─── THE DATA

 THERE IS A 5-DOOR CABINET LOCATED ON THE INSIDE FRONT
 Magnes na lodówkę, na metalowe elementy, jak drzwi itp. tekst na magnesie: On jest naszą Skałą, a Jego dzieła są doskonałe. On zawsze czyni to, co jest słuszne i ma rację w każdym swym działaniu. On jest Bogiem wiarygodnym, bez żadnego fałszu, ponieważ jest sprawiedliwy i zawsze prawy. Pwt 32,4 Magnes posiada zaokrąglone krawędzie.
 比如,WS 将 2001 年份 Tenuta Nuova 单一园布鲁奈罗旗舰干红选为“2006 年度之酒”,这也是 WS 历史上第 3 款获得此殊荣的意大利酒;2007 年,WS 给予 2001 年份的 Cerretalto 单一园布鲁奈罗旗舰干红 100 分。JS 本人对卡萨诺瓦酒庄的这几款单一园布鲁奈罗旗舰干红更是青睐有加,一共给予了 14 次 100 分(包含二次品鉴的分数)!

──────
─── THE DATA

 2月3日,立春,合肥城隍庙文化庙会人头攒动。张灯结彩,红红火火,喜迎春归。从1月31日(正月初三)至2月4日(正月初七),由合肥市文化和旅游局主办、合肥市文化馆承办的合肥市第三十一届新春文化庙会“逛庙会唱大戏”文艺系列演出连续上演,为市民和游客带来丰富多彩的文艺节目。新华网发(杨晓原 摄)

──────

### TASK GOAL
Among the entries above, the line containing "THERE IS A 5-DOOR", the line containing "比如,WS 将 2001", and all lines between them are to be restated word for word; nothing else belongs in the reply.

### ANSWER SECTION
 THERE IS A 5-DOOR CABINET LOCATED ON THE INSIDE FRONT
 Magnes na lodówkę, na metalowe elementy, jak drzwi itp. tekst na magnesie: On jest naszą Skałą, a Jego dzieła są doskonałe. On zawsze czyni to, co jest słuszne i ma rację w każdym swym działaniu. On jest Bogiem wiarygodnym, bez żadnego fałszu, ponieważ jest sprawiedliwy i zawsze prawy. Pwt 32,4 Magnes posiada zaokrąglone krawędzie.
 比如,WS 将 2001 年份 Tenuta Nuova 单一园布鲁奈罗旗舰干红选为“2006 年度之酒”,这也是 WS 历史上第 3 款获得此殊荣的意大利酒;2007 年,WS 给予 2001 年份的 Cerretalto 单一园布鲁奈罗旗舰干红 100 分。JS 本人对卡萨诺瓦酒庄的这几款单一园布鲁奈罗旗舰干红更是青睐有加,一共给予了 14 次 100 分(包含二次品鉴的分数)!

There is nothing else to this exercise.